*** Opening of Data excerpt ***
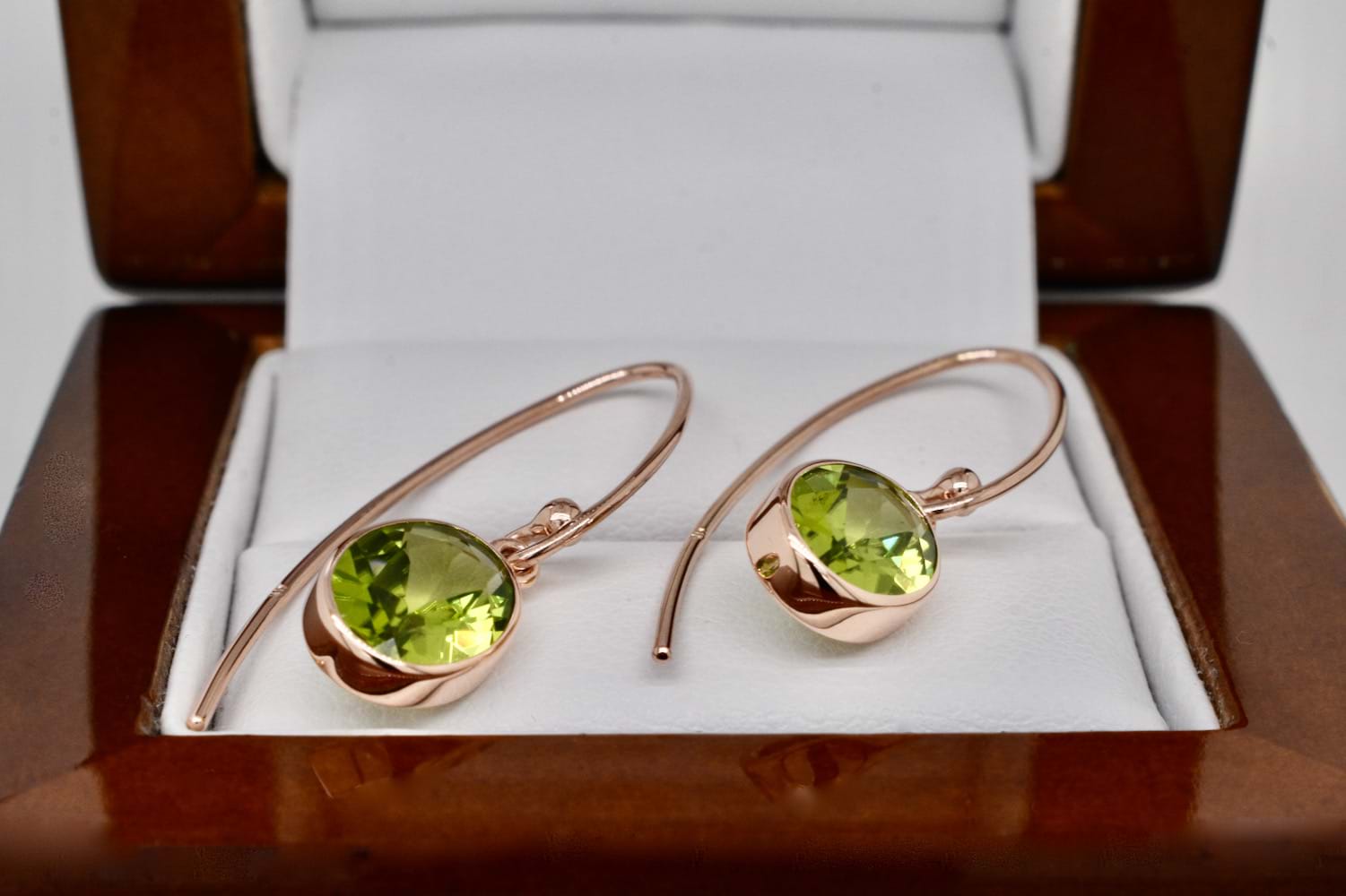 SOLD Handmade 9ct Rose Gold Oval Peridot Long Drop Earrings
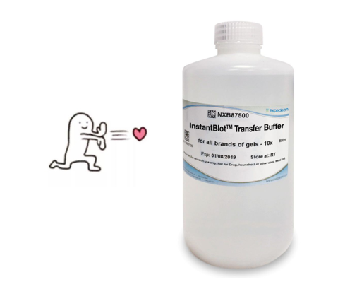 當(dāng)然蛋白電泳只是WB實(shí)驗(yàn)的第一步,那還有什么方法能加快后續(xù)實(shí)驗(yàn)(如轉(zhuǎn)膜)進(jìn)程呢?別急,今天就給大家介紹一款來(lái)自分子產(chǎn)品專(zhuān)家Expedeon公司的快速轉(zhuǎn)膜液——InstantBlot?Transfer Buffer(貨號(hào):NXB87500),作為Expedeon的一款專(zhuān)利產(chǎn)品,該轉(zhuǎn)膜液能夠大幅提升蛋白從“膠”至“膜”的轉(zhuǎn)移速度,最快只需10 min即可完成轉(zhuǎn)膜,并且不會(huì)產(chǎn)生過(guò)多的熱量,避免影響蛋白的后續(xù)檢測(cè)。
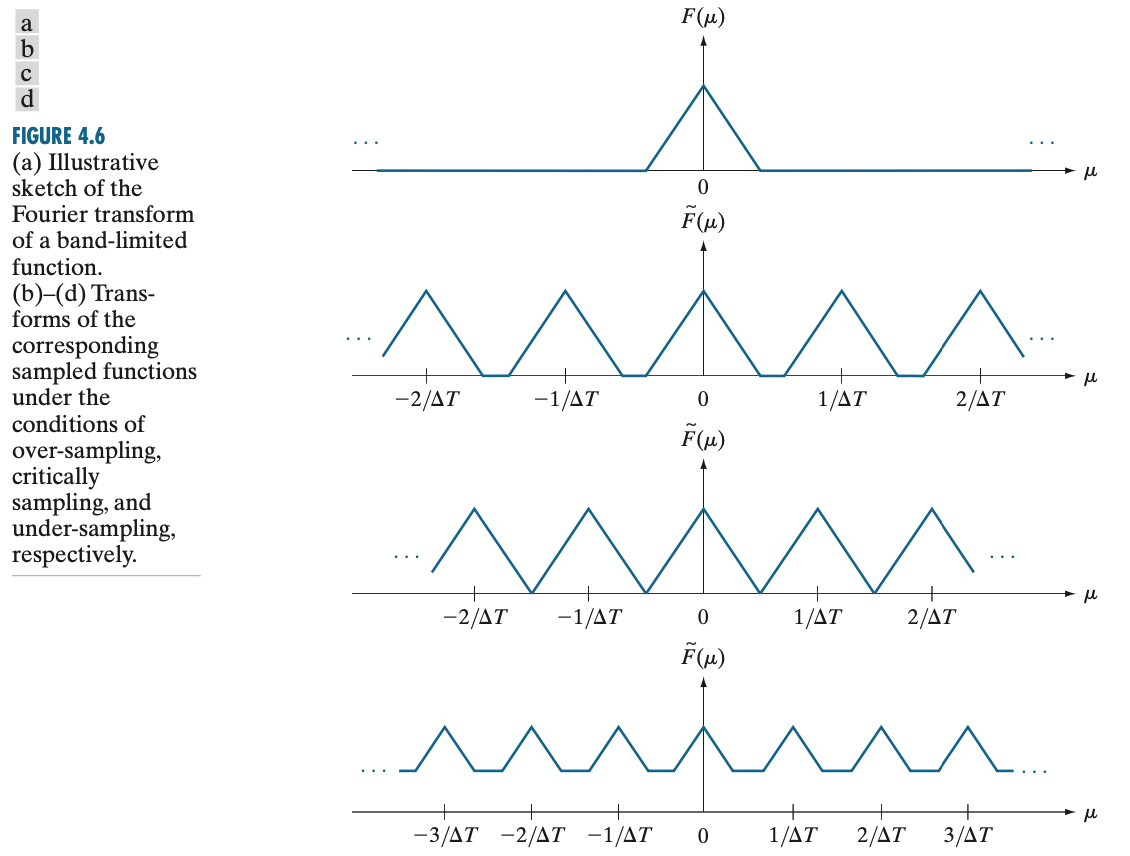 샘플링 속도 $\Delta T$를 좁게 잡으면 $\frac{1}{\Delta T}$는 늘어나게 되어 $F(\mu)$끼리 영향을 주지 않는 오버-샘플링(over-sampling) 결과 (a)를 얻게 됩니다. 그에 반해, 샘플링 속도 $\Delta T$를 크게 잡으면 $\frac{1}{\Delta T}$는 줄어들게 되고 이는 $F(\mu)$끼리 서로 영향을 주게 되는 언더-샘플링(under-sampling) 결과 (c)를 얻게 됩니다. 오버-샘플링과 언더-샘플링 사이에서 균형 있는 샘플링 속도 $\Delta T$를 찾으면 이를 임계 샘플링(critical sampling)이라고 합니다.
*** Close of Data excerpt ***
__How to complete this task__.
Quote the data above in full, leaving out the pictures it holds.

__Problem solution__.
 SOLD Handmade 9ct Rose Gold Oval Peridot Long Drop Earrings
 當(dāng)然蛋白電泳只是WB實(shí)驗(yàn)的第一步,那還有什么方法能加快后續(xù)實(shí)驗(yàn)(如轉(zhuǎn)膜)進(jìn)程呢?別急,今天就給大家介紹一款來(lái)自分子產(chǎn)品專(zhuān)家Expedeon公司的快速轉(zhuǎn)膜液——InstantBlot?Transfer Buffer(貨號(hào):NXB87500),作為Expedeon的一款專(zhuān)利產(chǎn)品,該轉(zhuǎn)膜液能夠大幅提升蛋白從“膠”至“膜”的轉(zhuǎn)移速度,最快只需10 min即可完成轉(zhuǎn)膜,并且不會(huì)產(chǎn)生過(guò)多的熱量,避免影響蛋白的后續(xù)檢測(cè)。
 샘플링 속도 $\Delta T$를 좁게 잡으면 $\frac{1}{\Delta T}$는 늘어나게 되어 $F(\mu)$끼리 영향을 주지 않는 오버-샘플링(over-sampling) 결과 (a)를 얻게 됩니다. 그에 반해, 샘플링 속도 $\Delta T$를 크게 잡으면 $\frac{1}{\Delta T}$는 줄어들게 되고 이는 $F(\mu)$끼리 서로 영향을 주게 되는 언더-샘플링(under-sampling) 결과 (c)를 얻게 됩니다. 오버-샘플링과 언더-샘플링 사이에서 균형 있는 샘플링 속도 $\Delta T$를 찾으면 이를 임계 샘플링(critical sampling)이라고 합니다.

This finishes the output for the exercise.